_REQUIREMENT_
In the data below, set down exactly the lines from the one containing "J-Fashion Shorts con" up to and including the one containing "Resultatenoverzicht | Sara". Leave the pictures out.

_PROVIDED MATERIAL_
'''

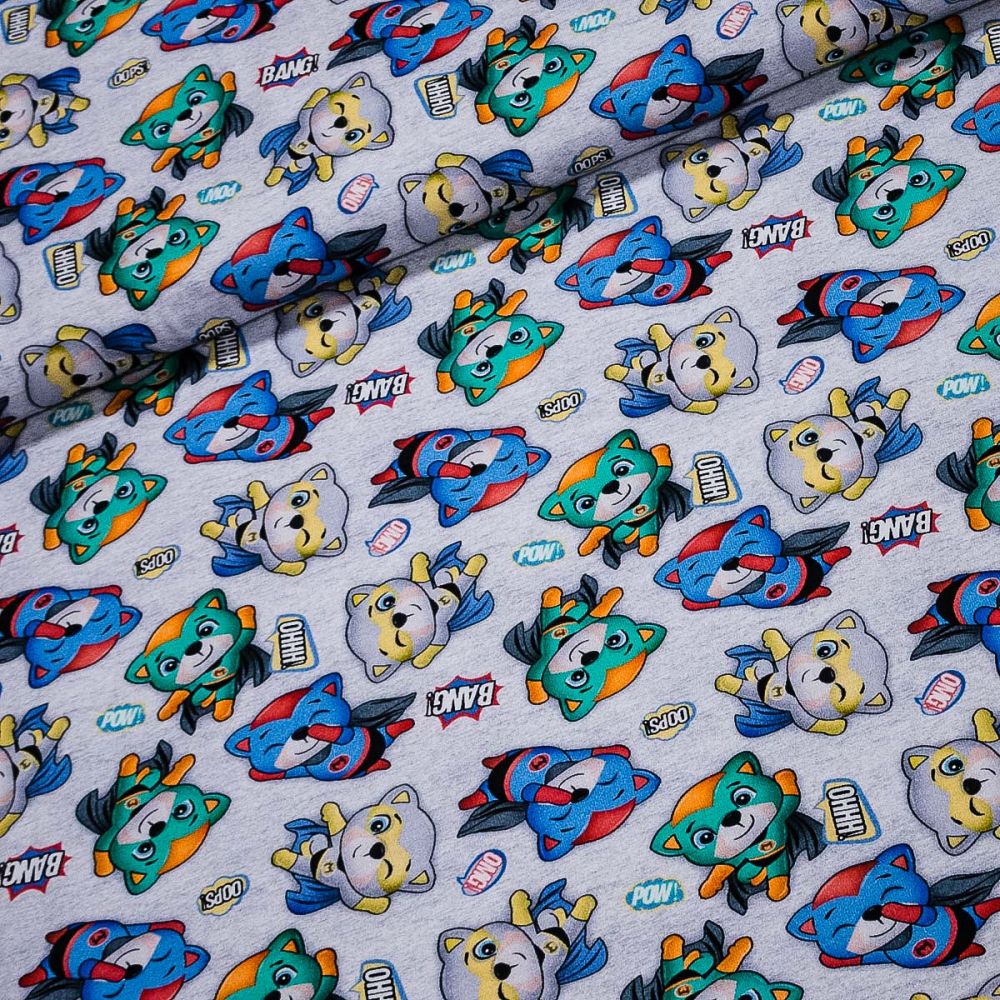 Elastický bavlněný úplet (jersey) se vzorem komiksových létajících medvídků na světle šedém podkladu. Úplet je zejména vhodný na šaty, halenky, kardigany či sukně. Látka je v šířce 155 cm a je vyrobena z 95% bavlny a 5% elastanu (200g/m2). Látka má vzor z jedné strany z druhé strany je bez potisku.
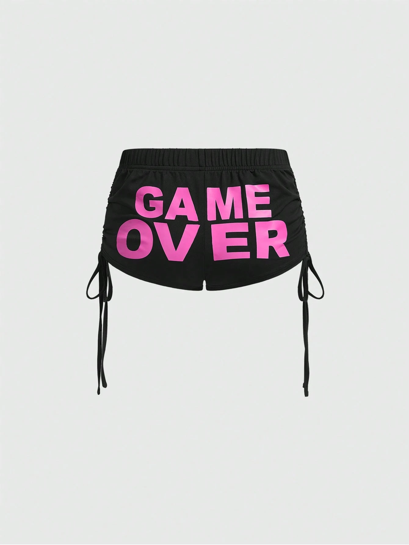 J-Fashion Shorts con estampado de letras, malla y fruncidos de tiro ultra bajo estilo "baddie" Y2K para mujeres
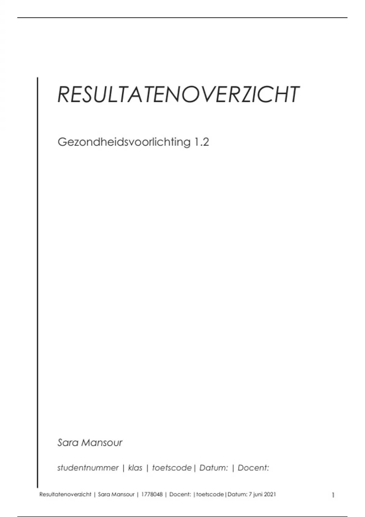 Resultatenoverzicht | Sara Mansour | 1778048 | Docent: |toetscode|Datum: 7 juni 2021 2
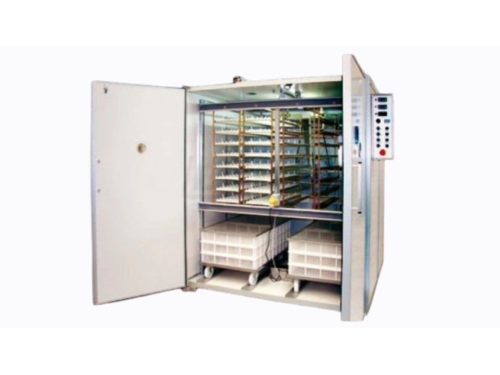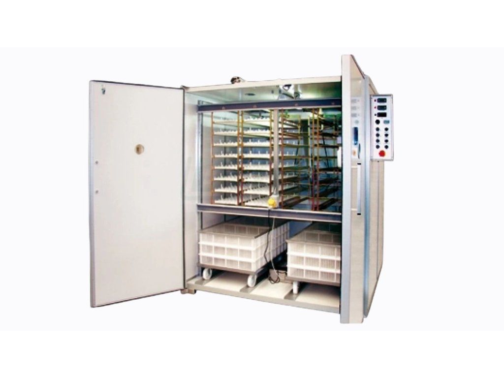Líheň MG 6100 SH je zcela profesionální, velmi technicky vyspělý inkubátor, které jsou speciálně navržen tak, aby mohl pracovat v týdenním cyklu. Tento model inkubátoru kombinuje dostatečný počet vajec s řadou inovativních systémů které uživateli dovolí bezpečný a efektivní provoz! Současně s jednoduchým ovládáním dosahuje optimálního výkonu inkubace a líhnutí. Rozměry v mm: 2130x1950x2430 výška. Váha 550kg. Jmenovitý příkon 1200W. Průměrná spotřeba el. energie za 24 hodin cca 40 kWh Napájení 220 - 230V, 50Hz. Záložní regulační a topný systém pro případ poruchy na hlavním panelu nebo topné spirále. Alarm. Inkubační částí líhně nazýváme výkyvné kontejnery - plata, kde probíhá inkubace vajíčka - u slepic 1 - 19 den, posléze se musí vajíčka ručně přemístit do kontejnerů ve spodní části - dolíhně - hatcheru, kde probíhá poslední fáze inkubace. Zde se již, 20 - 21 den vajíčka neotáčejí, nastává vlastní líhnutí. Počty vajíček – v inkubátoru + v líhni : slepice, kačena 4608+1536, bažant 5440+1814, koroptev 8064+2688, křepelka 10880+5440, krůta 3200+800, husa 1792+448. Automatické otáčení vajec v inkubátoru zajišťuje výklopný mechanismus, do kterého se vkládají speciální kontejnery s držáky z vysoce kvalitního špičkového plastu určeného pro potravinářské účely. Tyto kontejnery jsou typizované pro řadu profesionálních inkubátorů. Vlastní pohyb embrya ve vajíčku je zajištěn plynulým naklápěním kontejnerů ze strany na stranu a napomáhá řádnému vývoji embrya a předchází nebezpečným srůstům s vaječnou skořápkou. Vysokou kvalitu zajišťuje špičkové elektronika v digitálním provedení, součástí je vizuální a akustická signalizace - alarm při teplotních abnormalitách - systém samozřejmě zastaví topení, je-li překročen maximální teplotní limit. Chlazení: vodní systém je řízen solenoidem - oběh studené vody, ventilátor. Díky tomu, že je k dispozici druhý okruh nouzového topení a elektromechanický termostat nezávislý na hlavním ovládacím panelu (záložní systém), je možné obnovit hlavní funkce stroje v případě poruchy na hlavním panelu. Vzhledem k jmenovitému příkonu stroje: 2800W se nevyplatí investovat do akumulátorového záložního zdroje - měniče, ale je mnohem výhodnější pořídit vhodnou elektrocentrálu pro nouzové napájení líhně a případných odchoven, tepelných zdrojů a ventilátorů! Vlastní konstrukce líhně je z lakovaného, pozinkovaného ocelového plechu, který obestavuje 40mm polyuretanové desky. Kromě snadného a kompletního čištění především zajišťují stálou teplotu uvnitř přístroje, dokonalou izolaci a pevnost přístroje. Okénko ve dveřích a vnitřní osvětlení zajišťuje průhled do prostoru inkubátoru. Horizontální ventilátor s plynulou regulací otáček pro rovnoměrné rozložení tepla a speciální zařízení zajišťuje intenzitu jemného větrání a odvod kysličníku uhličitého přes ventilační otvory. Digitální termostat vysoké kvality s desetinnou přesností umožňuje snadné nastavení. Automatické udržování relativní vlhkosti v různých fázích inkubace a líhnutí je realizováno pomocí cisterny s řízenou úrovní automatického odpařování vody - výparník s topným tělesem s řízenou teplotou. kontrolní odečet teploty prostřednictvím přesného suchého rtuťového teploměru ve °F a mokrý teploměr ve °F ve společném přístroji - psychrometru pro přesný odečet procent vlhkosti uvnitř líhně. Na přání a za příplatek je možné stroj dodat s ultrazvukovým zvlhčovačem s digitálním řízením. Tento systém využívá ultrazvukové atomizace vody a vytváří tzv. kouřový efekt aniž by se změnila provozní teplota. Při připojení k digitální řídící jednotce HYGROSTAT představuje dokonalý zvlhčovací systém pracující přesně podle požadavků chovatele. Tato líheň Vám nabízí opravdu vysokou kvalitu za bezkonkurenční cenu v porovnání s podobnými líhněmi na našem trhu ! Za příplatek je možné přístroj dodat s PLC řídícím systémem s dotykovým displejem

'''

_SOLUTION FOR THIS EXERCISE_
 J-Fashion Shorts con estampado de letras, malla y fruncidos de tiro ultra bajo estilo "baddie" Y2K para mujeres
 Resultatenoverzicht | Sara Mansour | 1778048 | Docent: |toetscode|Datum: 7 juni 2021 2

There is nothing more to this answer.